TO DO
When you reach the line with "Socket set with", start repeating the lines exactly and keep going to the end of the records, but drop every picture.

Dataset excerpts
○ ○ ○

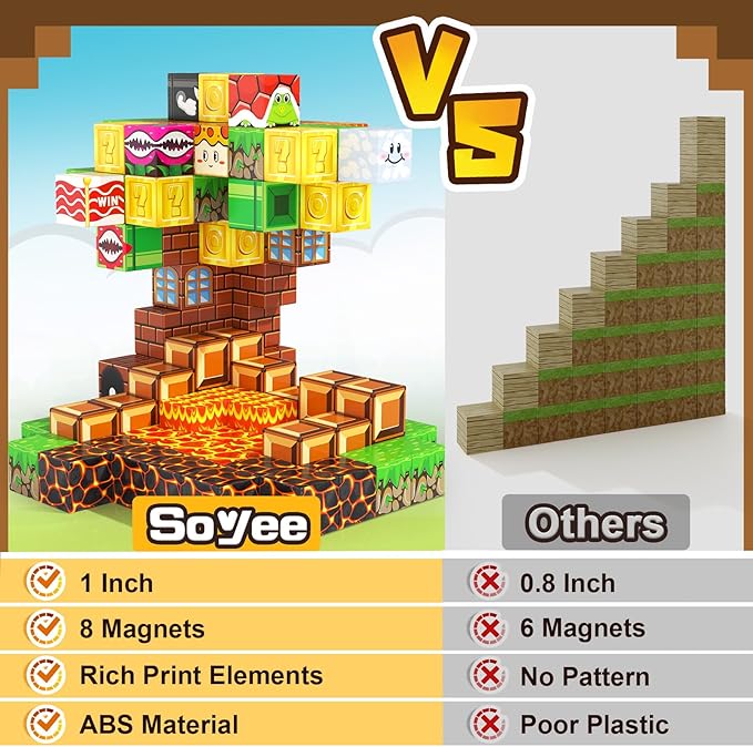 - QUALITY YOU CAN TRUST – SOYEE toys pay more attention to the quality and playability of toys, safe edges, UV printing, and suitable magnitude of the magnetism. The kids toy is more than just a building set - it offers kids a chance to create entire game worlds! They promote creativity and visual learning and help kids gain a big sense of color, art, geometry, and structure
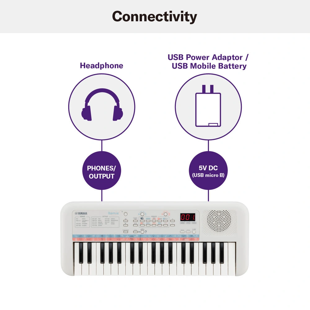 The Remie (PSS-E30) features beautiful sound, a keyboard made for small hands, and a songbook designed to help you guide your little one. The compact, lightweight instrument is easy for the young maestro to take out and put away on their own. Watch them smile as they discover the universal language of music! Beautiful instrument sounds as well as vehicle noises, animal noises, and other exhilarating sound effects stimulate your child’s curiosity. Quiz mode is a great way to naturally develop a musical foundation while having fun and asks your child to guess the sound effects it plays. It also features a more advanced mode that asks children to guess the right notes. The Remie (PSS-E30) comes with preset songs, all enjoyable versions of famous tunes your child will hear throughout their life.
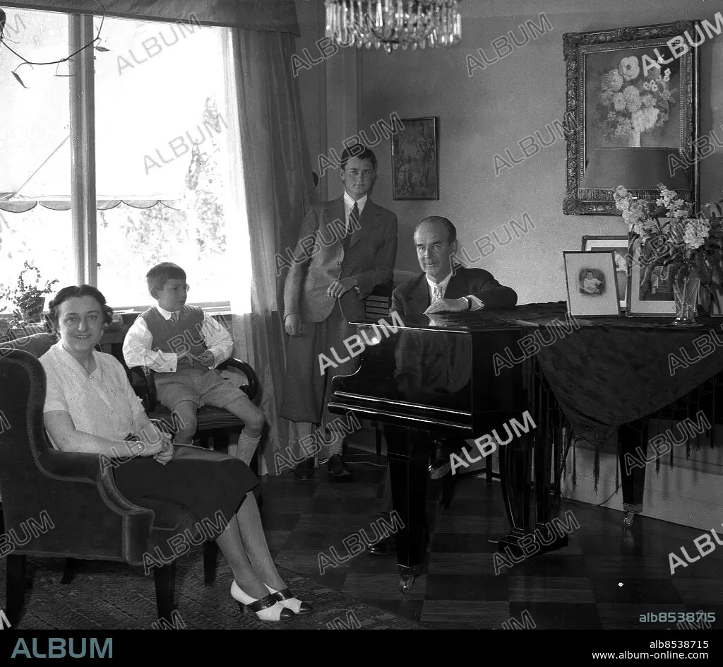 Arkiv 1937 . Hemma hos skådespelarparet Alice och Ernst Eklund i Bromma. Alice spelade mestadels på teatrar där hennes man Ernst var chef och regissör. På 60-talet spelade de mot varandra i Olle Hedbergs "Den mörknande framtid är vår" på TV-teatern. Ernst Eklund skrev flera egna dramer.. Alice and Nils Eklund, actors with their family in Bromma.. Foto: TT / Kod 1900
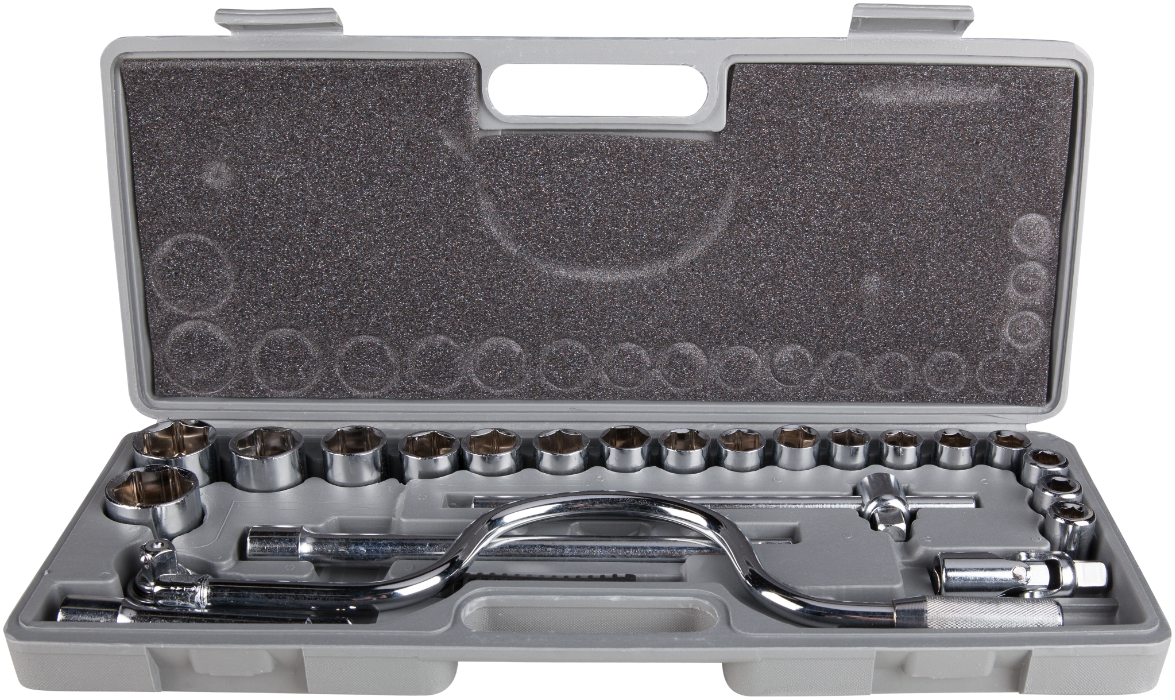 Socket set with accessories by EvoTools® consists of 24 pieces, made of carbon steel, with 1/2“ drive, organized in a plastic case.
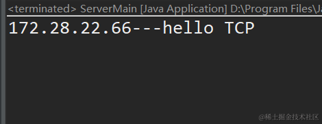 这里是,ServerMain,这是服务器端的运行结果,显示出来了客户端发来的信息

○ ○ ○

YOUR SOLUTION
 Socket set with accessories by EvoTools® consists of 24 pieces, made of carbon steel, with 1/2“ drive, organized in a plastic case.
 这里是,ServerMain,这是服务器端的运行结果,显示出来了客户端发来的信息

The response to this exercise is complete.